-------- Collected data

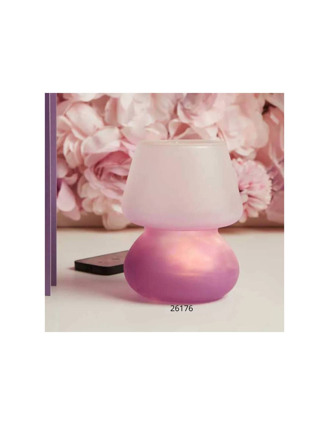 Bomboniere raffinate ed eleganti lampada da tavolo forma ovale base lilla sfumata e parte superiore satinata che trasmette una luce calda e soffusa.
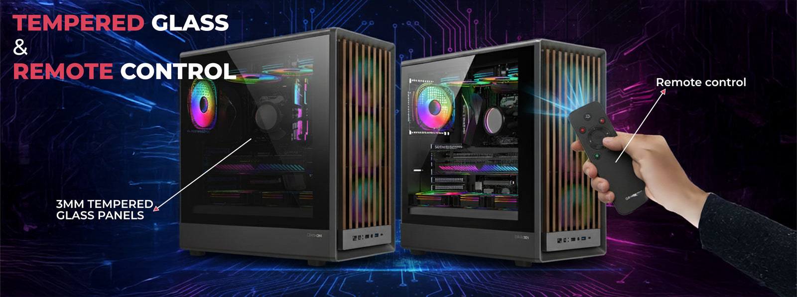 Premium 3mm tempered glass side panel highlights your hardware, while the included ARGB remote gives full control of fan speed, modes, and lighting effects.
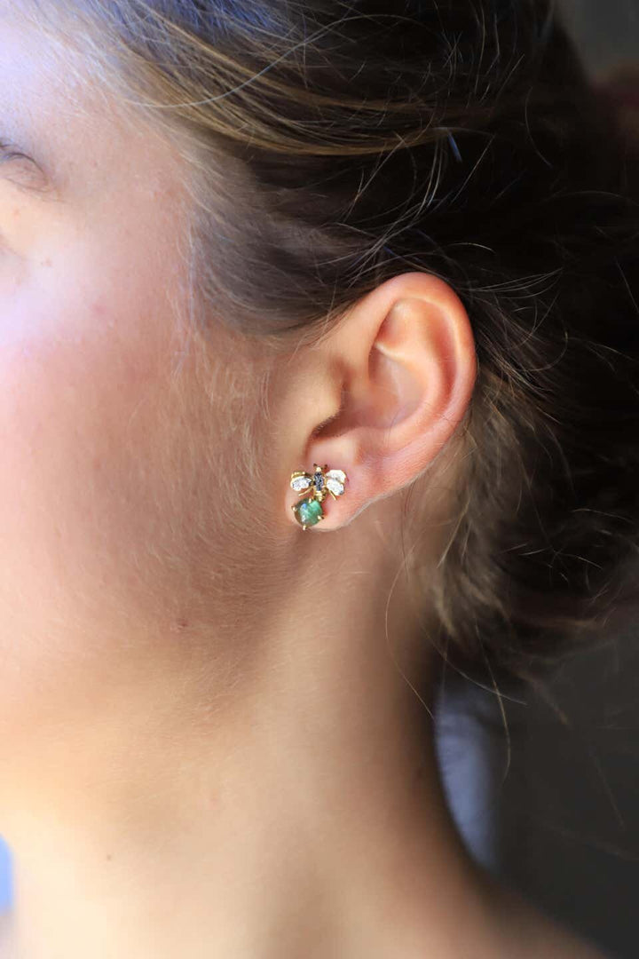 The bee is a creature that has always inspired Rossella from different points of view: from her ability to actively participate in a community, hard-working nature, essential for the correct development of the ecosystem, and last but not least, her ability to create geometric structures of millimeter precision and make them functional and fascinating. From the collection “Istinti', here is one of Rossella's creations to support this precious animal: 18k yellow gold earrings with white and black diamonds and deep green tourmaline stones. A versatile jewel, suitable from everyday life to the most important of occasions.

----------------

Transcribe the listing in full. Leave the pictures out.

 Bomboniere raffinate ed eleganti lampada da tavolo forma ovale base lilla sfumata e parte superiore satinata che trasmette una luce calda e soffusa.
 Premium 3mm tempered glass side panel highlights your hardware, while the included ARGB remote gives full control of fan speed, modes, and lighting effects.
 The bee is a creature that has always inspired Rossella from different points of view: from her ability to actively participate in a community, hard-working nature, essential for the correct development of the ecosystem, and last but not least, her ability to create geometric structures of millimeter precision and make them functional and fascinating. From the collection “Istinti', here is one of Rossella's creations to support this precious animal: 18k yellow gold earrings with white and black diamonds and deep green tourmaline stones. A versatile jewel, suitable from everyday life to the most important of occasions.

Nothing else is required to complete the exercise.